对常用自然语言处理技术进行系统评估，以编纂临床笔记。Systematic evaluation of common natural language processing techniques to codify clinical notes.-医云文献数字医云科研云海量医学决策数据服务

Abstract：

Proper codification of medical diagnoses and procedures is essential for optimized health care management, quality improvement, research, and reimbursement tasks within large healthcare systems. Assignment of diagnostic or procedure codes is a tedious manual process, often prone to human error. Natural Language Processing (NLP) has been suggested to facilitate this manual codification process. Yet, little is known on best practices to utilize NLP for such applications. With Large Language Models (LLMs) becoming more ubiquitous in daily life, it is critical to remember, not every task requires that level of resource and effort. Here we comprehensively assessed the performance of common NLP techniques to predict current procedural terminology (CPT) from operative notes. CPT codes are commonly used to track surgical procedures and interventions and are the primary means for reimbursement. Our analysis of 100 most common musculoskeletal CPT codes suggest that traditional approaches can outperform more resource intensive approaches like BERT significantly (P-value = 4.4e-17) with average AUROC of 0.96 and accuracy of 0.97, in addition to providing interpretability which can be very helpful and even crucial in the clinical domain. We also proposed a complexity measure to quantify the complexity of a classification task and how this measure could influence the effect of dataset size on model\'s performance. Finally, we provide preliminary evidence that NLP can help minimize the codification error, including mislabeling due to human error.

摘要：

正确编纂医疗诊断和程序对于优化医疗保健管理至关重要，质量改进,研究,以及大型医疗保健系统内的报销任务。
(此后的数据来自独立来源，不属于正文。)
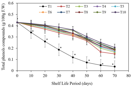 The impact of pre-harvest chitosan, chitosan nanoparticle, and CaCl2 foliar spray treatments on total phenols compounds of Barhi date fruits under cold storing for 70 d. Note that * sign denotes the significant differences between the control and edible coatings treatments, and T1, T2, T3, T4, T5, T6, T7, T8, T9, T10 are water (control), 1 g/L chitosan, 2 g/L chitosan, 3 g/L chitosan, 1 g/L chitosan nanoparticles, 2 g/L chitosan nanoparticles, and 3 g/L chitosan nanoparticles treatments, respectively.

诊断或程序代码的分配是一个繁琐的手动过程，往往容易出现人为错误。已经建议自然语言处理(NLP)来促进这种手动编码过程。然而，对于将NLP用于此类应用的最佳实践知之甚少。随着大型语言模型（LLM）在日常生活中变得越来越普遍，重要的是要记住,不是每项任务都需要这样的资源和努力。在这里，我们全面评估了常用NLP技术的性能，以从操作注释中预测当前的程序术语（CPT）。CPT代码通常用于跟踪外科手术和干预措施，并且是报销的主要手段。我们对100个最常见的肌肉骨骼CPT代码的分析表明，传统方法可以显着优于BERT等资源密集型方法（P值=4.4e-17），平均AUROC为0.96，准确性为0.97，此外还提供了可解释性，这在临床领域非常有用，甚至至关重要。我们还提出了一种复杂性度量来量化分类任务的复杂性，以及该度量如何影响数据集大小对模型性能的影响。最后,我们提供了初步证据，证明NLP可以帮助最小化编码错误，包括由于人为错误而导致的错误标签。